━━━ Recorded data

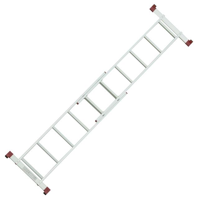 Будівельні сходи-поміст мають надійну, при цьому легку конструкцію з алюмінію. Працювати на них безпечно та зручно, оскільки мають широку платформу (1470*410 мм), вкриту антиковзким покриттям, яка фіксується на двох стійких приставних сходах, по 6 сходинок.
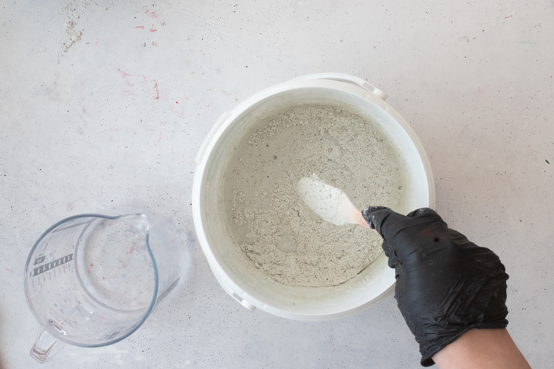 - ein Gefäß zum Anrühren (ich habe den leeren Beton-Eimer genutzt)
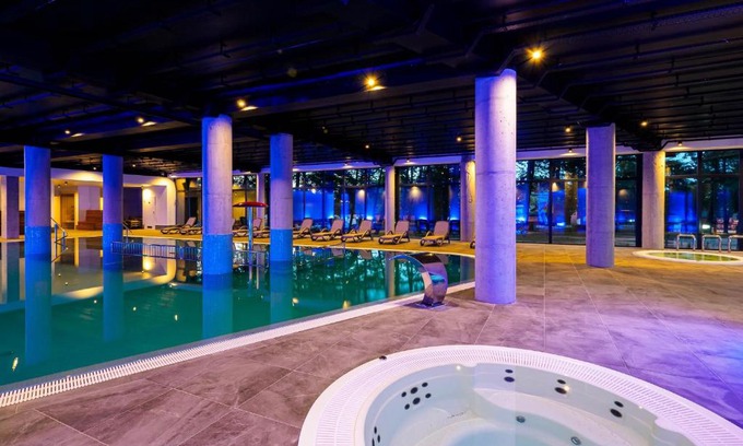 Located in Jarosławiec, a 5-minute walk from Jarosławiec Beach, Resort Król Plaza Spa & Wellness provides accommodations with a bar and private parking. Providing a restaurant, the property also features a fitness center, as well as an indoor pool and a sauna. The property has a hot tub, entertainment staff and a kids' club. At the resort, each room includes a closet. Complete with a private bathroom equipped with a shower and a hairdryer, guest rooms at Resort Król Plaza Spa & Wellness have a flat-screen TV and air conditioning, and selected rooms have a terrace. All guest rooms will provide guests with a fridge. A buffet, continental or vegetarian breakfast is available at the property. At the accommodation guests are welcome to use a Turkish bath. You can play pool and table tennis at Resort Król Plaza Spa & Wellness. The resort can conveniently provide information at the reception to help guests to get around the area. Jaroslawiec Aquapark is a 11-minute walk from Resort Król Plaza Spa & Wellness, while Dukes of Pomerania Castle is 12 miles away. Gdańsk Lech Wałęsa Airport is 96 miles from the property.
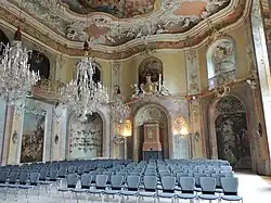 Das Schloss hob sich zumindest unter den Residenzen der zahlreichen thüringischen Kleinstaaten dieser Zeit durch seine große Prachtentfaltung hervor. Diese besteht vor allem aus Krohnes herausragender Dekoration des 12 Meter hohen Festsaals. Den ursprünglich strikt rechteckigen Saal Knöffels stattete Krohne mit wellenförmig geschwungenen Wänden, Ofennischen auf den Schmalseiten, abgerundeten Ecken mit Büfettnischen und Logen im oberen Teil aus. Dazu kamen reiche Stuckverzierungen an den Wänden und ein Deckenfresko. Südlich des Festsaales wurden ab 1742 die „roten Räume“ gestaltet, 1750 folgten Zimmer auf der nördlichen Seite, die sich um den „Grünen Saal“ gruppieren und in den 1770er Jahren fertiggestellt wurden. Auch diese Räume verfügen über reichen Schmuck aus Stuck, Deckengemälden, Wandbildern und Schnitzereien. Sämtliche Räume des Festsaal-Ensembles wurden durch eine Galerie miteinander und mit den beiden Treppenhäusern verbunden. Der Südflügel besteht vor allem aus Wohnräumen, die aber mehrfach nach persönlichen Vorlieben und Moden umdekoriert wurden und deshalb heute ein uneinheitliches Erscheinungsbild bieten.

━━━━━━

• **Required action**: Reproduce the opening lines of the material above exactly, ending with the line that contains "- ein Gefäß". Omit every picture.

• **Exercise response**:
 Будівельні сходи-поміст мають надійну, при цьому легку конструкцію з алюмінію. Працювати на них безпечно та зручно, оскільки мають широку платформу (1470*410 мм), вкриту антиковзким покриттям, яка фіксується на двох стійких приставних сходах, по 6 сходинок.
 - ein Gefäß zum Anrühren (ich habe den leeren Beton-Eimer genutzt)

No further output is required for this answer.